Хотя Сидзука — главная героиня легенды о Ёсицунэ, в бегстве на Запад его сопровождала далеко не одна женщина. Судя по «Сказанию о Ёсицунэ», герой состоял в интимных отношениях более чем с двумя десятками представительниц прекрасного пола за время своего краткого пребывания в столице и по крайней мере 11 из них взошли вместе с ним на корабль, пересекавший Внутреннее море. Репутация женолюба, закрепившаяся за Ёсицунэ и вновь напоминающая принца Гэндзи, подкрепляется другими многочисленными источниками и, как кажется, служила одной из причин, по которой Ёритомо сомневался в его серьезности и надежности.
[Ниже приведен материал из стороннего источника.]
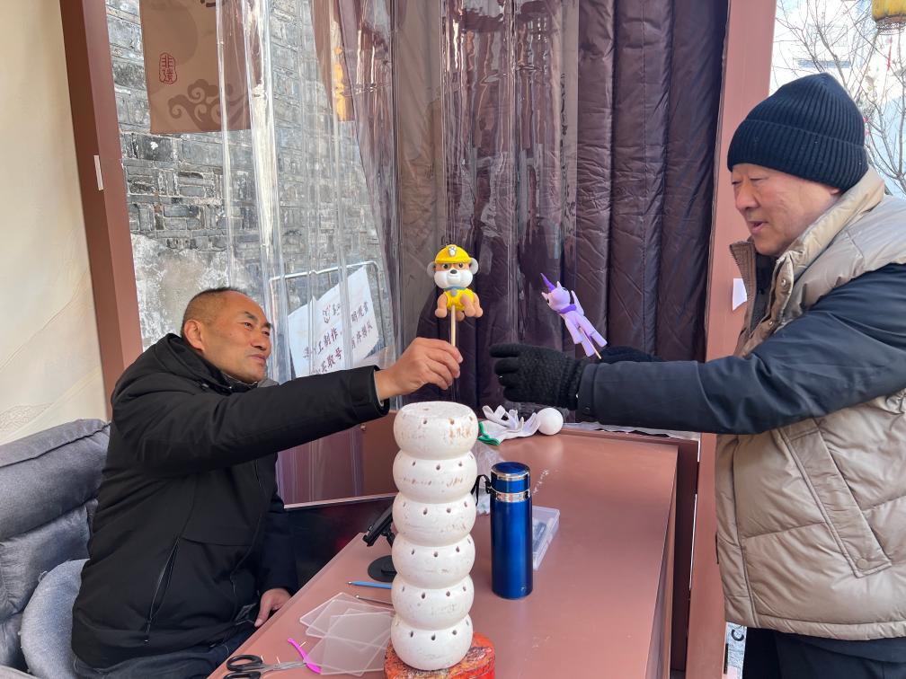 捏面人师傅王井洋(左)与顾客。新华社记者 马姝瑞 摄
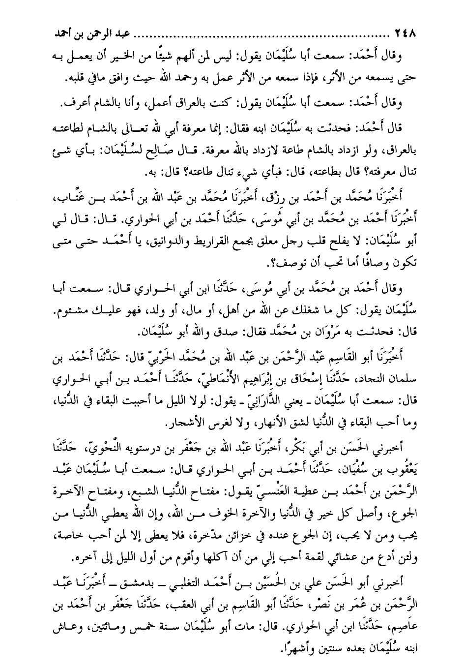 أَخْبَرَنِي أَبُو الْحَسَن عَلِيُّ بْنُ الْحُسَيْن بْنِ أَحْمَد التغلبي- بدمشق- أَخْبَرَنَا عبد الرحمن بن عمر بن نصر، حدّثنا أبو القاسم بن أبي العقب، حدّثنا جعفر بن أحمد بن عاصم، حَدَّثَنَا ابن أبي الحواري. قَالَ: مات أبو سليمان سنة خمس ومائتين، وعاش ابنه سليمان بعده سنتين وأشهرًا.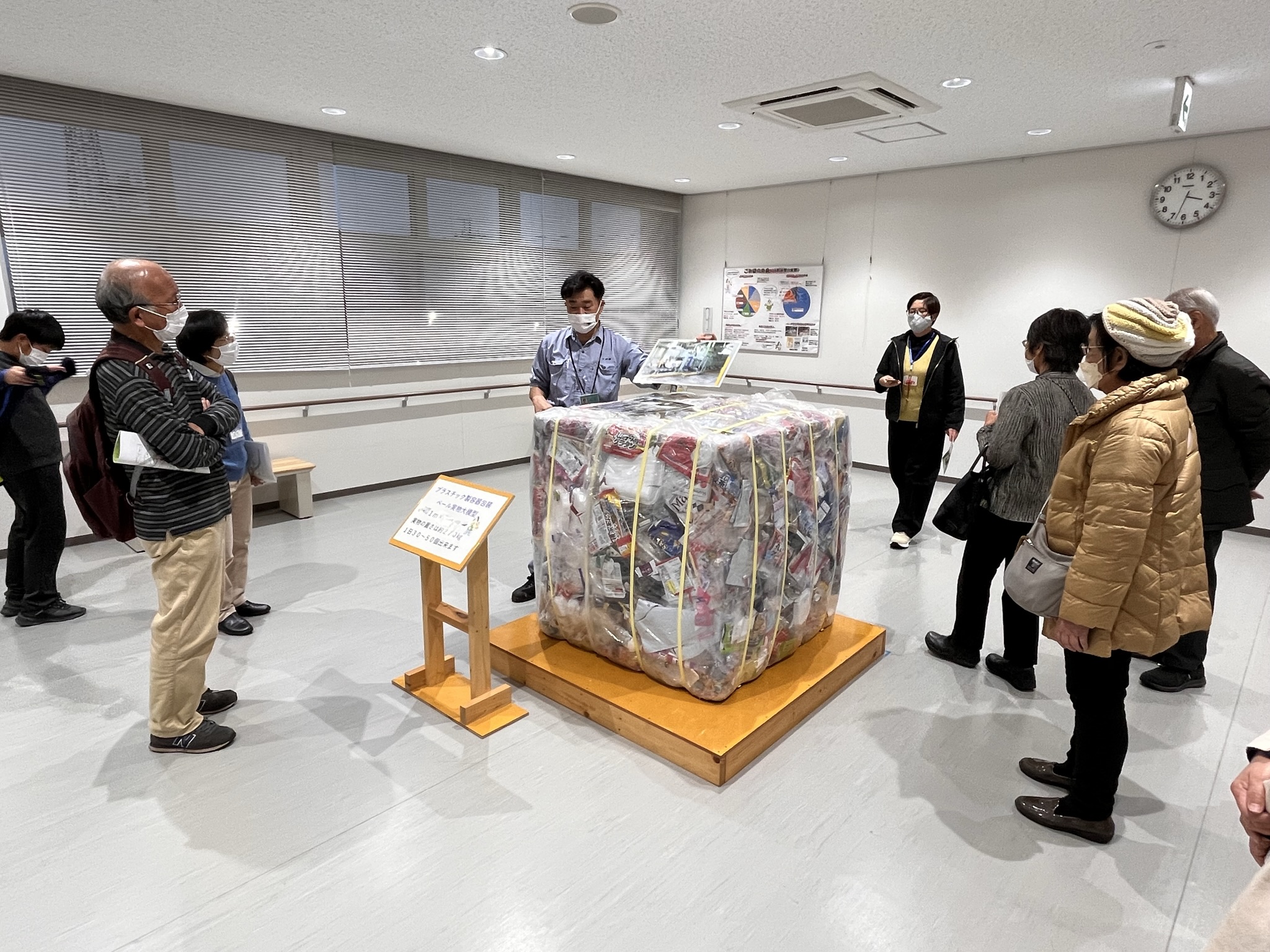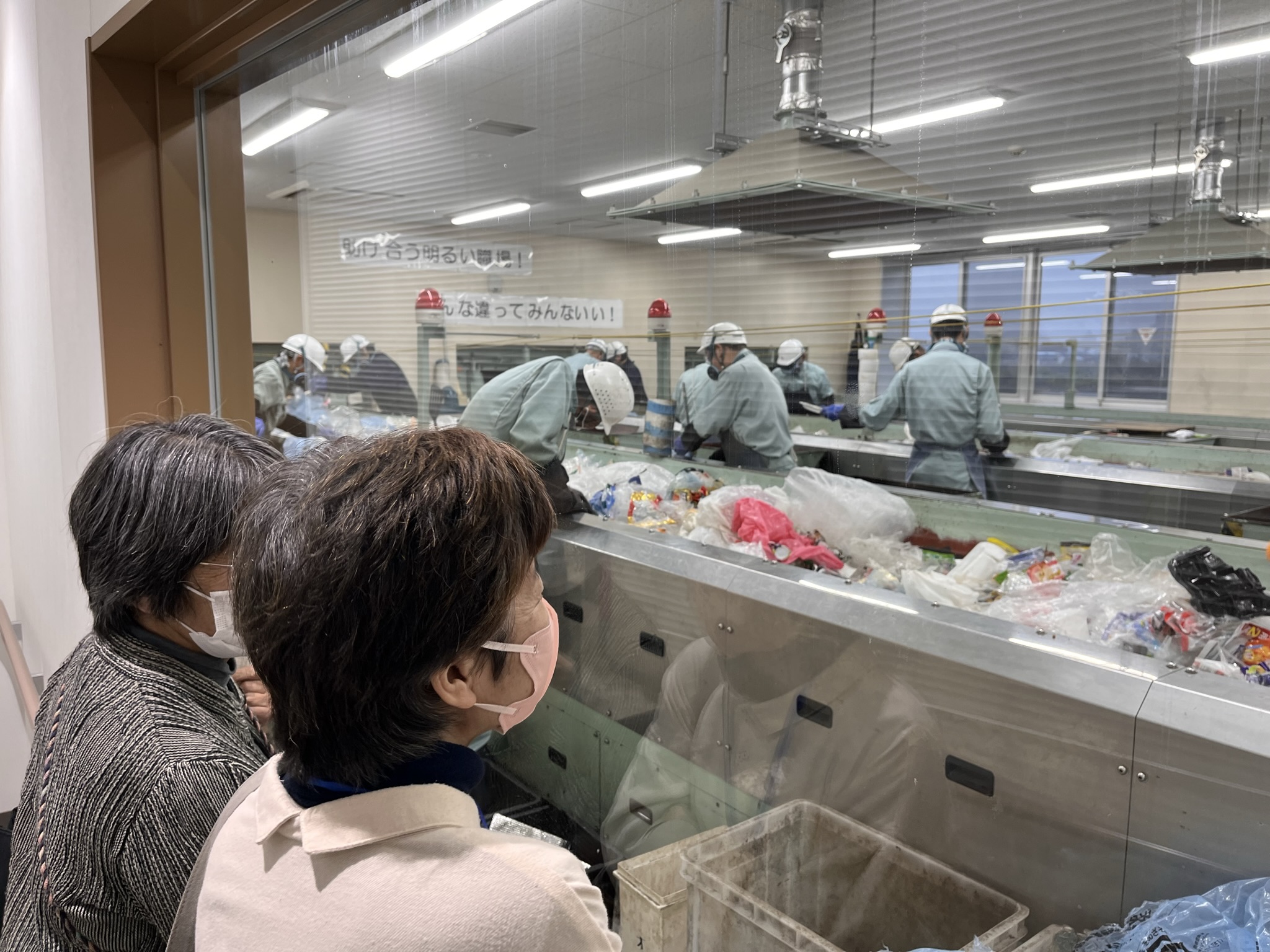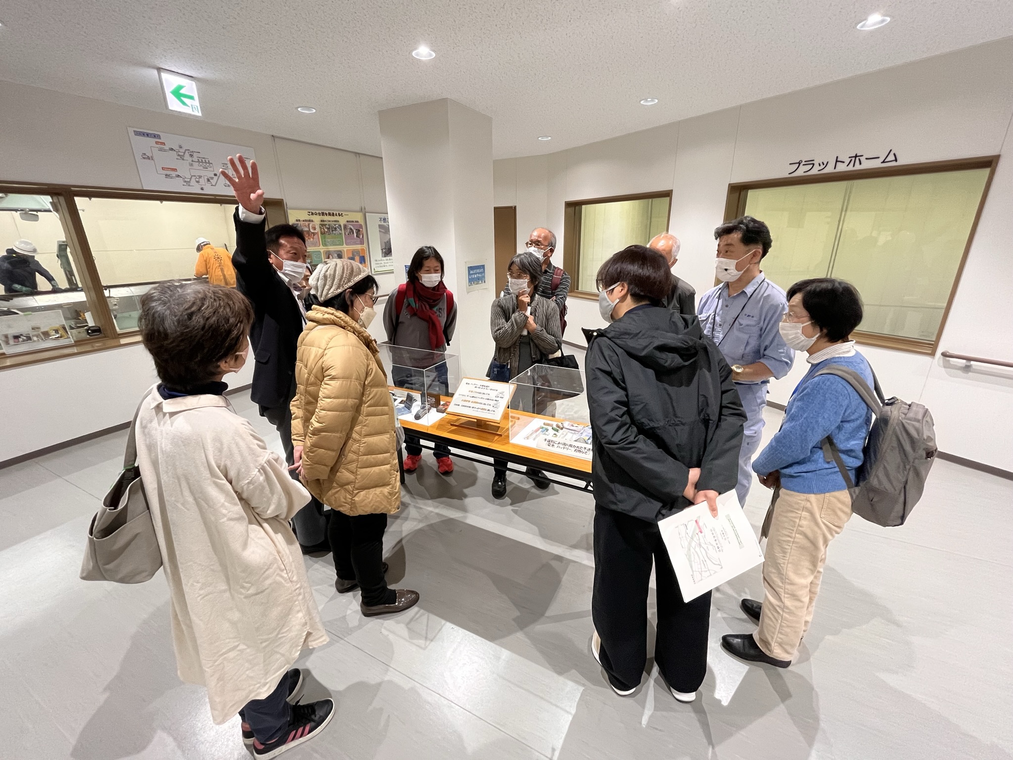 | 内容 | 日野市のごみが集まり、処理をしている施設「日野市クリーンセンター」を訪問しました。 今回は「プラスチック類資源化施設」を見学しました。私たちが出したごみがどのように処理され、資源化されるのか、施設をめぐりながら職員さんの丁寧な説明を聞きました。プラスチック類を多くの作業員の方が手選別している部屋については、皆さん特に関心を持って見ていました。 施設見学後は、会議室で「ごみの出し方・分別ミニ講座」を行いました。どの種類のごみ袋で出せばよいか迷うごみについて、皆さんから沢山の質問が出ていました。 最後に「ごみゼロ推進課」の職員さんから「ごみ・資源物の分け方と出し方」について6つの言語(英語・中国語・ベトナム語・スペイン語・韓国語・フランス語)で書かれたパンフレットの説明をいただき、見学ツアー終了となりました。 ※パンフレットはHIFAの事務局に持ち帰りましたので、欲しい人は取りに来てください。 |

Амурные похождения героя стали частью легенды о нем. На серии гравюр художника Кунисада (1786–1865) позднего периода Токугава он изображен в ряде эротических поз с разными молодыми особами из столицы, причем с такими гениталиями, которые приходится счесть чрезмерными даже по преувеличенным стандартам японских «весенних картинок». Контраст между повышенной сексуальностью Ёсицунэ и теми деликатными, женственными чертами, на которых делается ударение в поздних легендах, типичен для японского романтического героя и отображает двойственную природу характера Ёсицунэ.



202

По «Адзума Кагами», знаменитый танец был исполнен перед рождением ребенка. В данном случае поздняя, легендарная версия представляется более вероятной: женщины в поздний период беременности обычно не бывают отменными танцовщицами; выступление же Сидзука в Камакура, как передают, являлось одним из самых ярких в ее блестящей карьере.



203

И Сидзука, и Бэнкэй представляются «сборными» персонажами, относимыми к отличным от Ёсицунэ уровням историчности (о котором мы располагаем проверенными историческими фактами). В свою очередь, Ёсицунэ гораздо менее «историчен», нежели Ёритомо, поскольку практически все сохранившиеся о нем сведения густо замешаны на легендах. Тем не менее, все подобные разграничения производятся лишь учеными; для большинства японцев реальность Бэнкэя, Сидзука, Ёсицунэ, Ёритомо и остальных персонажей примерно одинакова.

Сидзука — пример выдающегося женского характера; ее можно принять в качестве типа «героини поражения», полулегендарного персонажа, сопровождающего своего любимого. Когда бы я ни спрашивал японцев о неудачно закончивших свой жизненный путь героинях в истории их страны, они упоминали имя Сидзука. О другой героине того же типа и того же периода см. Томоэ.

Прежде, всего из-за того, что период военной гегемонии длился столь долго и на всем его протяжении женщины из самурайского сословия занимали все более и более подчиненное место, в японской истории сравнительно мало героинь (как удачливых, так и неудачливых) — исключая, разумеется, таких представителей культуры, как Оно-но Комати и Мурасаки Сикибу.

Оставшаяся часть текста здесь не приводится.